### Dataset
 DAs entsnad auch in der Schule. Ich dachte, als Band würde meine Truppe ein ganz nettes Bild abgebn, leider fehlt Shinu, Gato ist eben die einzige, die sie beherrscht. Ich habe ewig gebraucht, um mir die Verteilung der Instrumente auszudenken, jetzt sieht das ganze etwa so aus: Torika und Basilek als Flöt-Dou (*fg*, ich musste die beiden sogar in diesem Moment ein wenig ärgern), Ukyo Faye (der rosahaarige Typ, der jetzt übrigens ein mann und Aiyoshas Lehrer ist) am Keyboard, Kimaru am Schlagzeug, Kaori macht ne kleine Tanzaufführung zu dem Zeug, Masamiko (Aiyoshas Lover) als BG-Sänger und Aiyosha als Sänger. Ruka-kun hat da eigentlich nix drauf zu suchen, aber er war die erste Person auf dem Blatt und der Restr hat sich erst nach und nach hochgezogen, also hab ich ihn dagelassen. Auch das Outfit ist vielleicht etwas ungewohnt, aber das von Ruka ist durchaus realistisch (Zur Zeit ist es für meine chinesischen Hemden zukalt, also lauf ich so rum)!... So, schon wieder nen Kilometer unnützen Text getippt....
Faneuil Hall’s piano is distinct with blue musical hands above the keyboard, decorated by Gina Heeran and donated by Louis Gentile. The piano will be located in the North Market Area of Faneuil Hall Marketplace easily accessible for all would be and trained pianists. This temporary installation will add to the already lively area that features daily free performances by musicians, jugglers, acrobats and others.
...
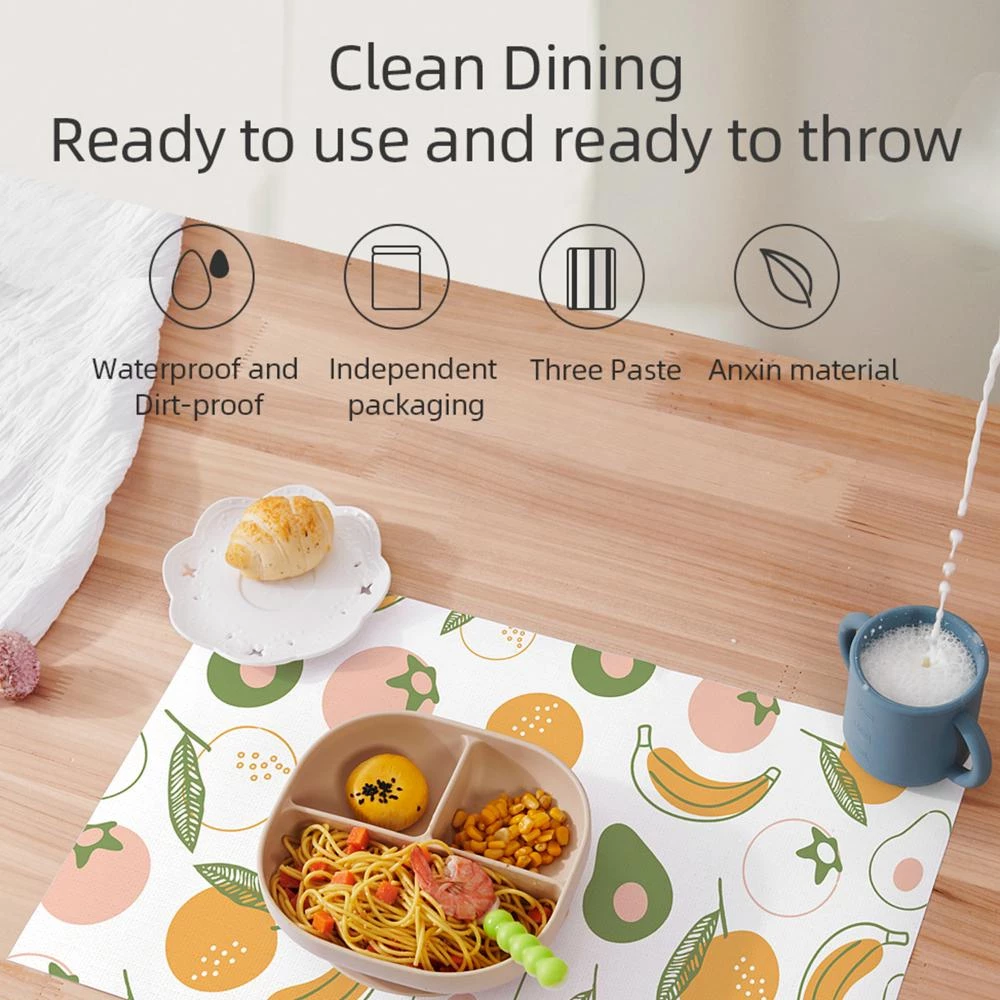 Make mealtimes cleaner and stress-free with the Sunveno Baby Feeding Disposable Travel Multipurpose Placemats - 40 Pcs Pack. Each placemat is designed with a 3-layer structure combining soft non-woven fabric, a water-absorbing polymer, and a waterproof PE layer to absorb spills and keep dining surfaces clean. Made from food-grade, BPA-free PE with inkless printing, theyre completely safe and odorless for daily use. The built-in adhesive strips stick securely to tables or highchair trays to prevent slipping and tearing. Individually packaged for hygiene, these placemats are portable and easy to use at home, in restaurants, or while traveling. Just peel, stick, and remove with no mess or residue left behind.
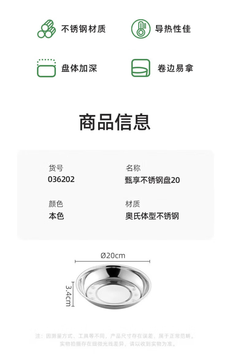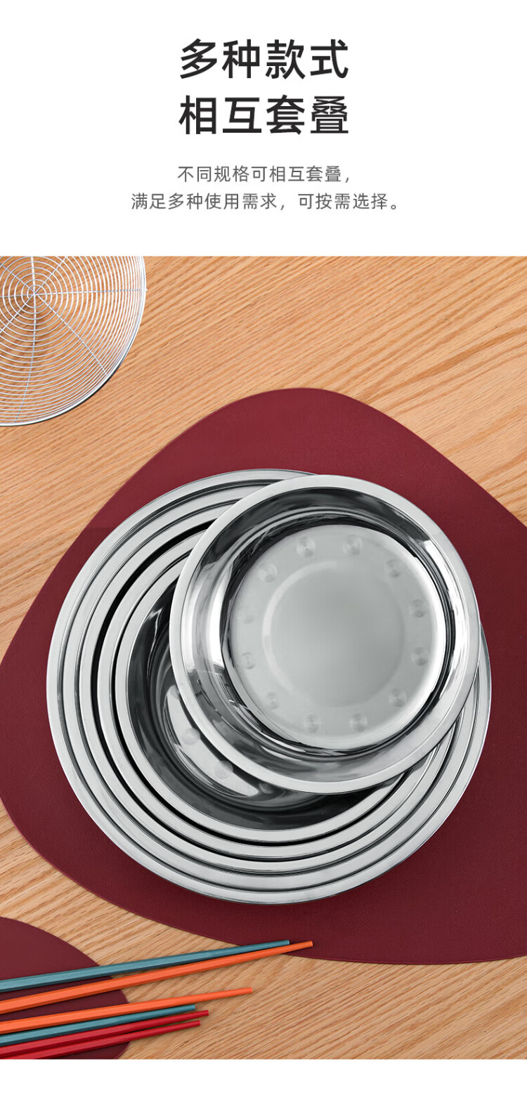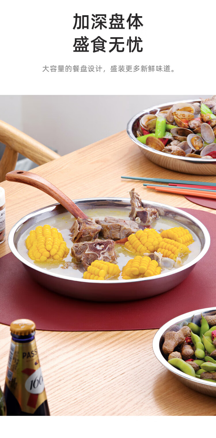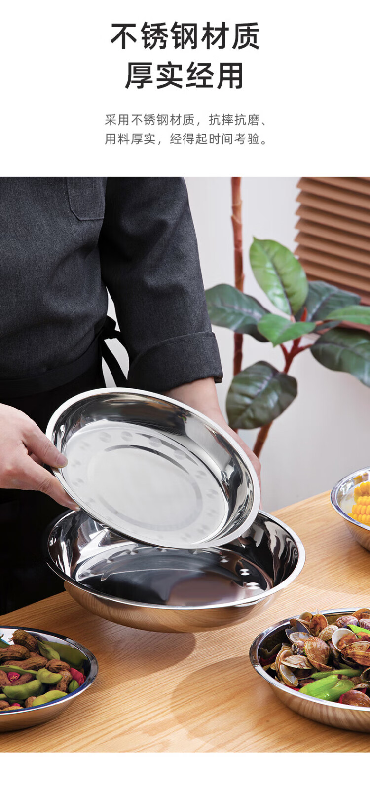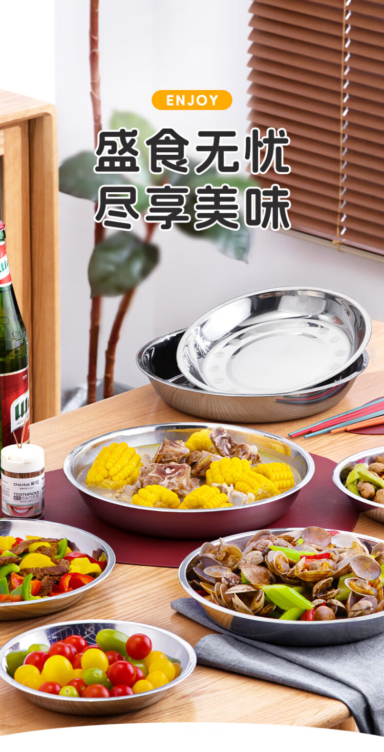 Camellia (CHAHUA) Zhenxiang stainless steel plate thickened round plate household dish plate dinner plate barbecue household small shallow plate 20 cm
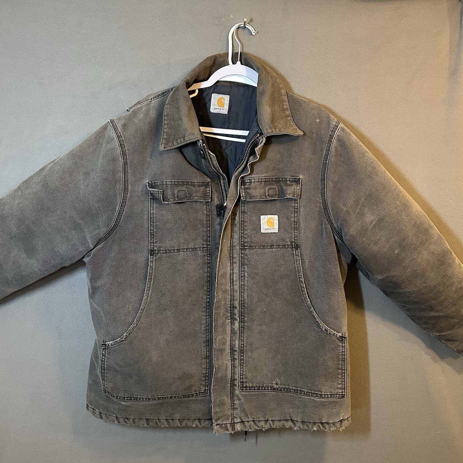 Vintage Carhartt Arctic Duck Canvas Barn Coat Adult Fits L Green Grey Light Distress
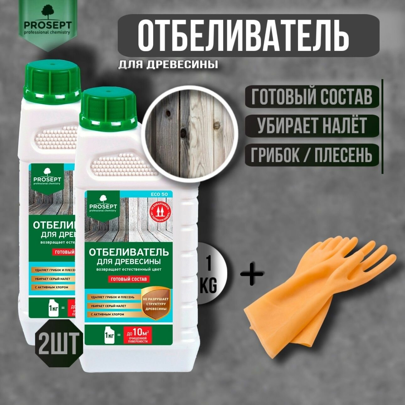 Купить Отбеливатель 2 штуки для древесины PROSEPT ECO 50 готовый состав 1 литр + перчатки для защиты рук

### Aim of the exercise
Respond with the exact lines above running from the one containing "Camellia (CHAHUA) Zhenxiang" to the one containing "Купить Отбеливатель 2", both ends kept and no pictures included.

### Worked solution
 Camellia (CHAHUA) Zhenxiang stainless steel plate thickened round plate household dish plate dinner plate barbecue household small shallow plate 20 cm
 Vintage Carhartt Arctic Duck Canvas Barn Coat Adult Fits L Green Grey Light Distress
 Купить Отбеливатель 2 штуки для древесины PROSEPT ECO 50 готовый состав 1 литр + перчатки для защиты рук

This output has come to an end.